57 comments

  • leonidasv 39 minutes ago

    This is the most important part most people don't get:

    > And what would 3 °C mean for Germany?

    > FB: In summer, meteorological records could reach up to 50 °C. Three degrees of global warming does not mean hot days will just be 3 or 4 degrees hotter. It could mean up to 10 degrees hotter. We would also face much longer droughts.

    3°C warming implies summer days can get 10°C hotter. This is nightmare scenario.

    • rolph 35 minutes ago

      this also means thermal turbulence which means breakup of flow, and that means failure of distribution, leading to localized torrid spots, that translates to heat dome regions of more than 10°C hotter.

      • foxglacier 2 minutes ago

        Are you saying those researchers got their upper bound too low? You should inform them of their mistake.

    • foxglacier 4 minutes ago

      I'm sure you know that "up to" means the same as "no more than", and "could" means "might or might not". So there's no meaning in what you quoted, so why did you not only quote it but say that it's important and most people don't get it? It's not important, it's intentionally misleading.

      • homosapien97 a few seconds ago

        Are you being intentionally obtuse? In normal language the quoted text means there is a meaningful chance of record temperatures 10 degrees hotter than current records.

  • et-al 12 minutes ago

    Unfortunately Germany phased out nuclear power, but continues to burn coal.

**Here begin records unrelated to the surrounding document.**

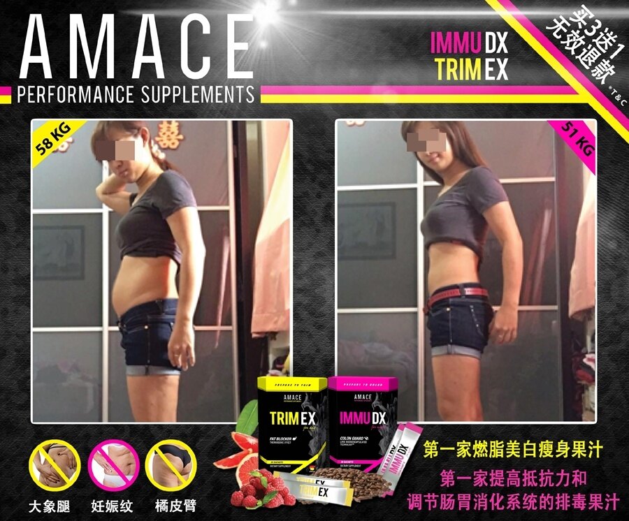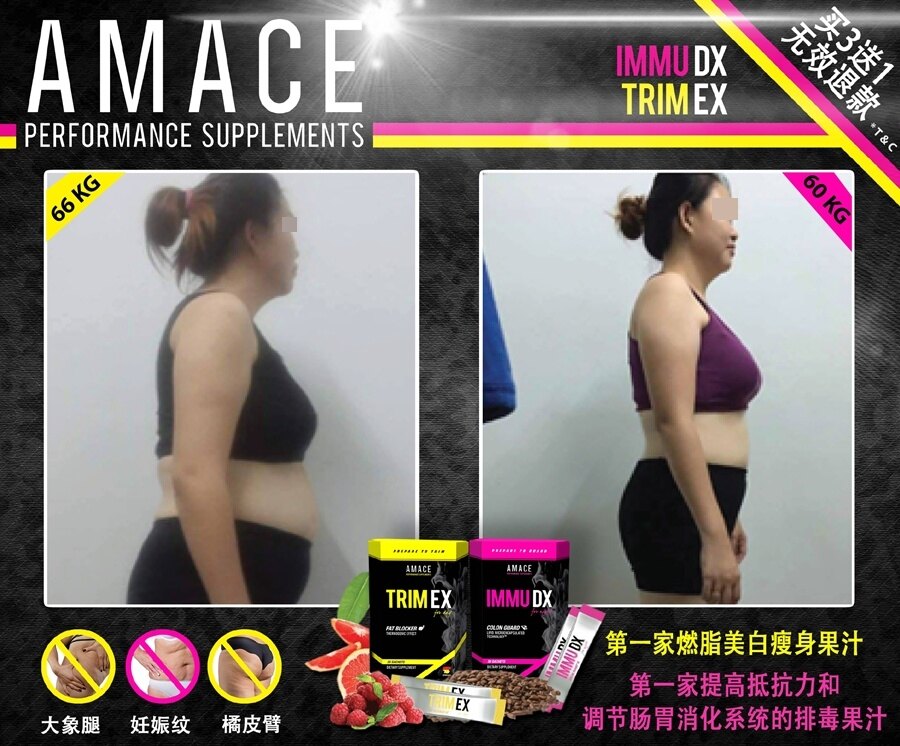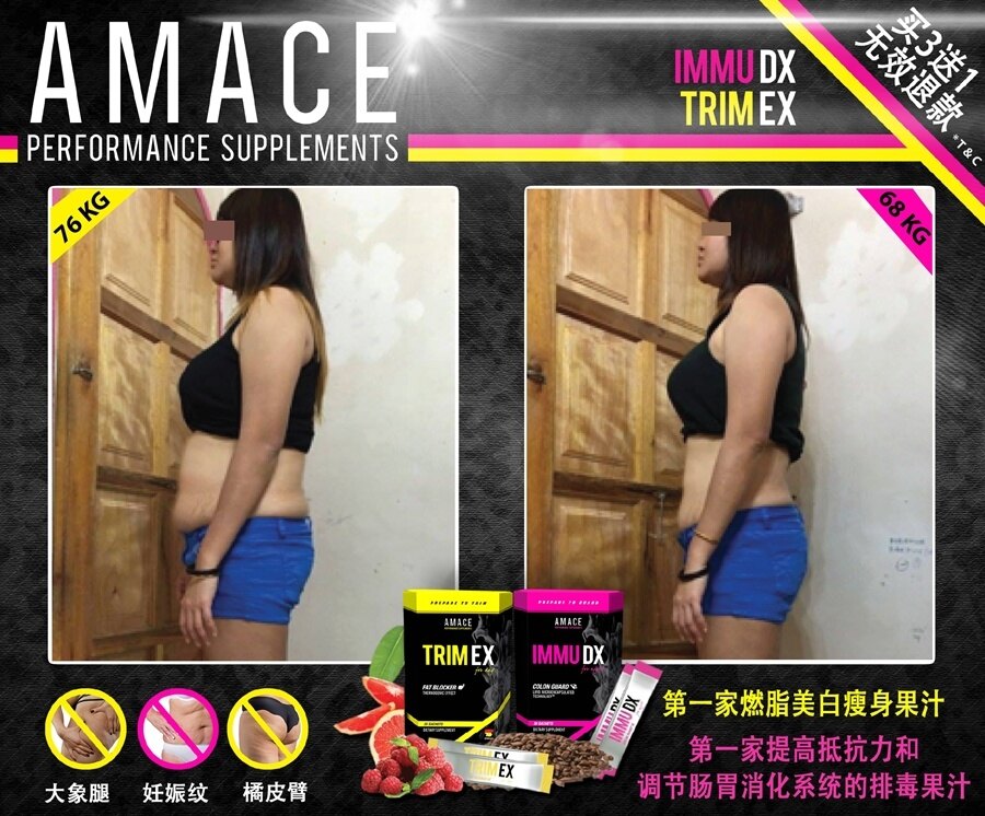 塑身和健康是当前社会的终极目标。采用零麻烦的有效方法,保持或达到理想体型和最终获得良好的健康的身体。什么是零麻烦的方法? TRIM EX就是零麻烦的选择。它的研发是为了以安全,天然的成分,帮助更多的人实现理想生活。这个配方将改善你的体形,并在同一时间改善你的肤质。TRIM EX与市面上的产品的差异就是能为您提供双重的效果。在达成理想的体型和体重以外,它还帮助紧实肌肤,防止瘦身后的肌肤松弛,让你雕塑出光芒。 TRIM EX是一个完整的解决方案,是您的选择,使您能够减磅或帮助你维持目前的理想体形和体重。
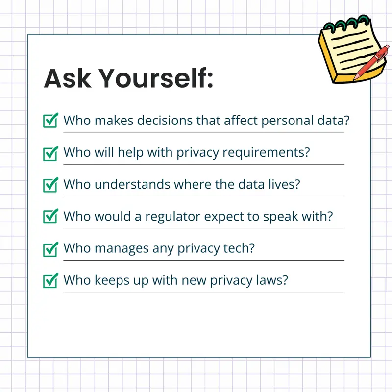 Before companies can have effective privacy processes on conducting a data inventory, performing privacy risk assessments, honoring privacy rights, reviewing new vendors, etc., companies need to identify people responsible for participating in each of these areas.
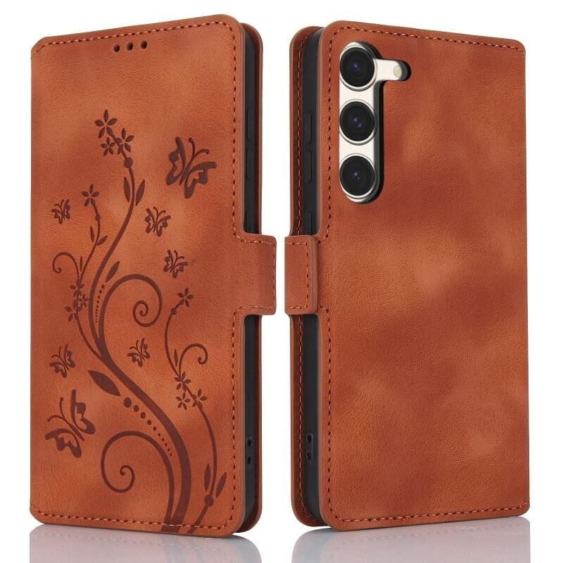 Θήκη τηλεφώνου Samsung Galaxy S23 5G με ανάγλυφο σχέδιο πεταλούδας, λουλουδιών και δέρμα (Χρυσό ροζ)
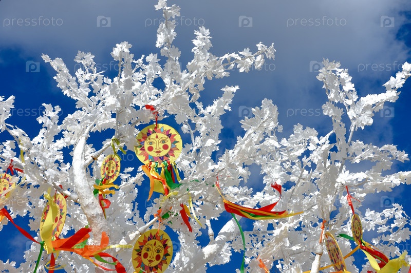 эмблема солнца с красочными лентами на ветвях белого дерева
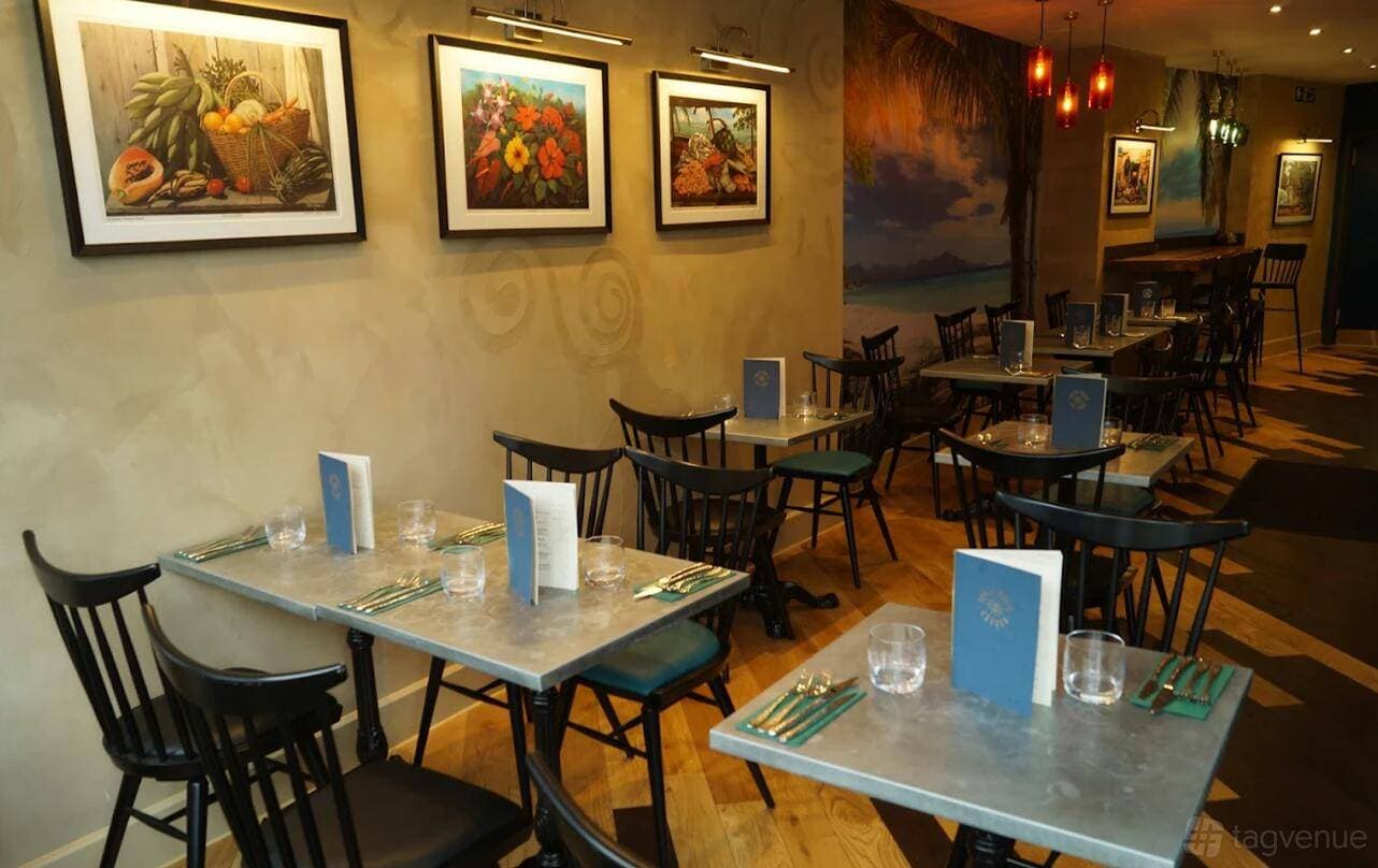 The Dining Room is the venue's main bookable space, designed to evoke a Caribbean environment. It accommodates up to 60 guests standing, making it suitable for receptions, private dining events, and group gatherings. The space includes a bar and access to a terrace.
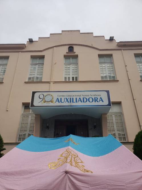 "Estamos unidos em um só coração", disse Ir. Rosa Idália Pesca, diretora geral do Auxiliadora, abrindo os portões da escola às 16 horas, para a saída do carro de som.
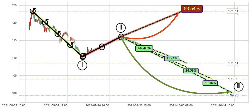 ➣ 循环浪继续向下【平均值】位置(10-08:12, 103.89),匹配聚类样本比例52.93%, 可能性概率24.59%
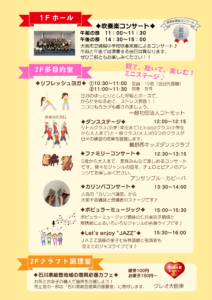 *吹奏楽コンサート 【大阪市立城陽中学校】 午前の部 11:00~11:30 午後の部 14:30~15:00 大阪市立城陽中学校吹奏楽部によるコンサート♪ 午前と午後では演奏する曲目は異なります。 ぜひ二部ともお楽しみください!! |
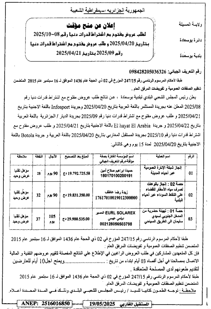 إعلان عن منح مؤقت لطلب عروض مفتوح 2025/10/09/08 بلدية بوسعادة
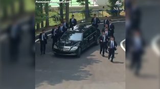 Північнокорейський лідер Кім Чен Ун має автомобіль після зустрічі зі своїм південнокорейським колегою, у супроводі 12 охоронців, що бігли поруч з транспортним засобом.
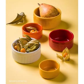 Nossa nova linha de ramekins foi pensada para resistir a altas temperaturas. As peças vão ao forno, micro-ondas e também podem ser lavados na máquina de lavar louça. São peças perfeitas para suflês, molhos e cremes. Nossos ramekins são peças antiaderentes, mantêm o calor de forma uniforme e são empilháveis, o que facilita muito o armazenamento em espaços compactos.
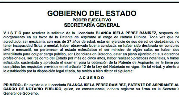 El documento de dominio público confirma que este fíat es acordado y firmado por Francisco García Cabeza de Vaca en calidad de gobernador de Tamaulipas y por Gerardo Peña Flores, como secretario general de Gobierno, otorgando la patente desde el 14 de junio del presente año, siendo publicado el miércoles en el POE.
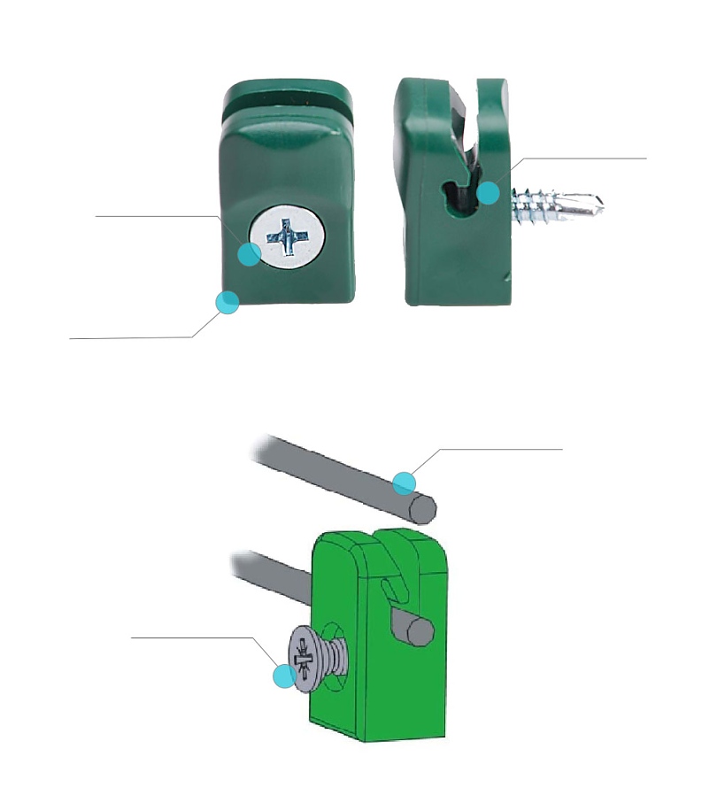 Държач за телени огради от HDPE, стандартни цветове: зелен . Използва се за закрепване на тел при монтаж на оградни мрежи.
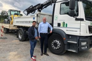 Matthias Hauer MdB und Dirk Kolacek (Geschäftsführer der Stadtgrün Ruhr GmbH) beim Besuch des Abgeordneten in dem Garten- und Landschaftsbaubetrieb am 13. August
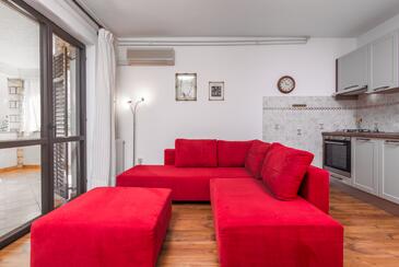 Ferienwohnung bietet Platz für 4 Gäste. Die Betten sind in Schlafzimmern, die es 2 gibt, innerhalb einer Gesamtfläche von 33m2, angeordnet. Die Gäste haben einen eigenen Balkon zur Verfügung, auf der sie in warmen Sommernächten genießen können. Es ist erlaubt, Speisen auf dem Gemeinschafts-Grill vorzubereiten. In der Unterkunftseinheit besteht die Möglichkeit des Mitbringens von Haustieren gegen Aufpreis.
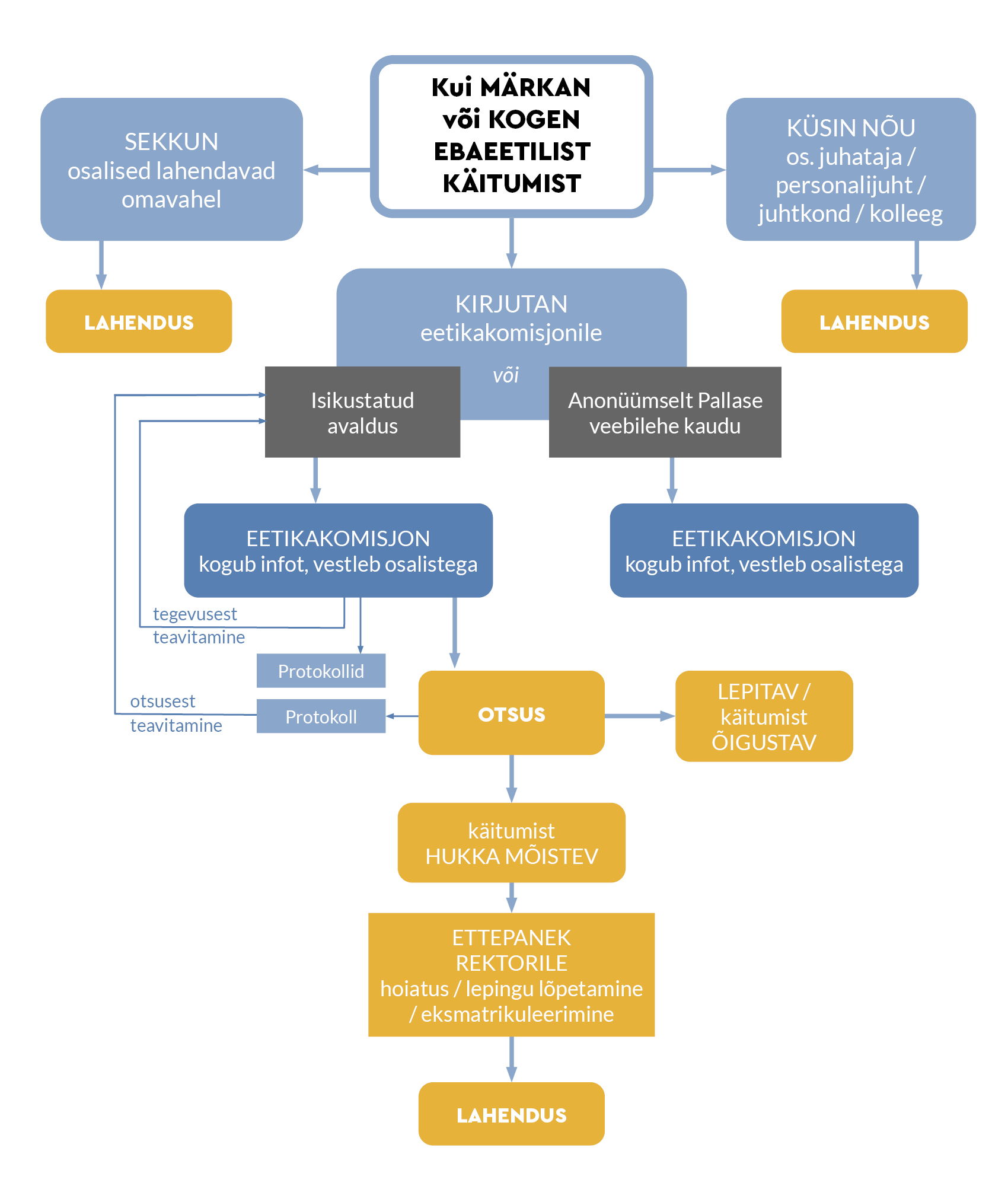Kaebuse esitamine eetikakomisjonile: Kui ka kolmanda osapoole kaasamisel probleemile lahendust ei leita, esita ametlik kaebus eetikakomisjonile kodulehel oleva vormi kaudu. Kaebus peab olema seotud Pallases toimunuga ning ei laiene eraelulistele konfliktidele.
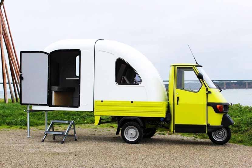 К примеру, датскому бренду Wide Path удалось запатентовать автодом, созданный на базе мотороллера Piaggio. В отличие от множества других итальянских трехколесников, в которые владельцы интегрировали какое-то подобие жилого блока, этот проект уникален тем, что фактическая площадь дома на колесах даже больше, чем сам грузовичок. Все потому, что жилой модуль, размещенный на грузовой платформе Piaggio, может раздвигаться, увеличивая свои габариты.
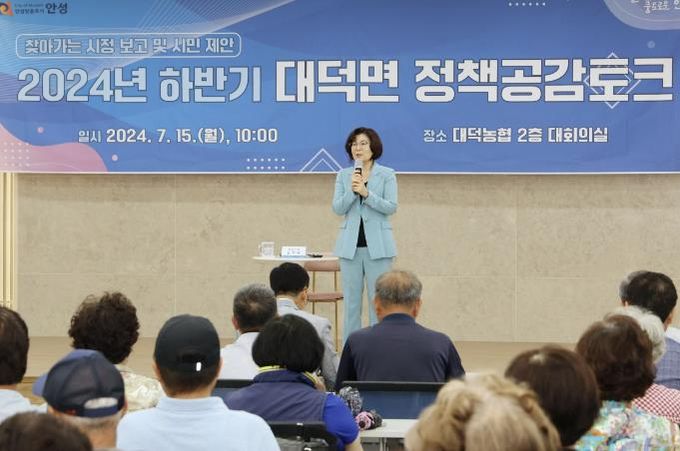 (아름다운교육신문) 안성시 대덕면은 지난 15일 대덕농협 대회의실에서 대덕면 주민들 100여 명과 김보라 안성시장이 주민과 소통하는 ‘2024년 하반기 정책공감토크’ 행사를 성황리에 마쳤다고 밝혔다.
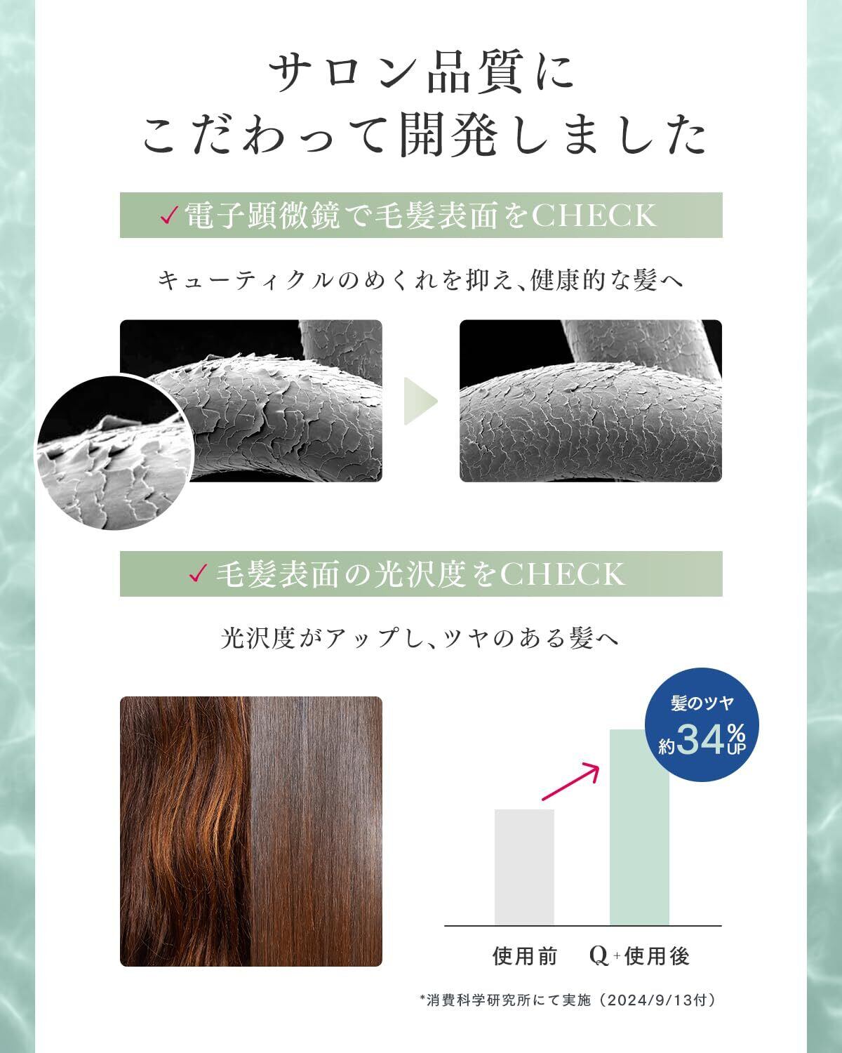 ✨【 毛髪試験*を実施 】電子顕微鏡で毛髪表面をCHECK 毛髪表面の光沢度をCHECK 本当に「高品質なのか」を確認するべく、毛髪試験*で調べました。*消費科学研究所にて実施(2024/9/13付)

  • OutOfHere a minute ago

    If we coat and paint the entire human occupied land surface in white nano-diversely-sized barium sulfate, it will reflect the excess heat into space. We will still have to lower our CO2 and emissions but we will get a break from warming.

  • cebert 43 minutes ago

    If we don’t do something about this, I fear future generations will not view us in a positive light.

    • Arubis 39 minutes ago

      We _are_ doing something about this. We’re locating concentrated millions of years of trapped fossil energy and moving it into our atmosphere as fast as we possibly can. To a first approximation, that is the world economy.

      Or did you mean to do something differently?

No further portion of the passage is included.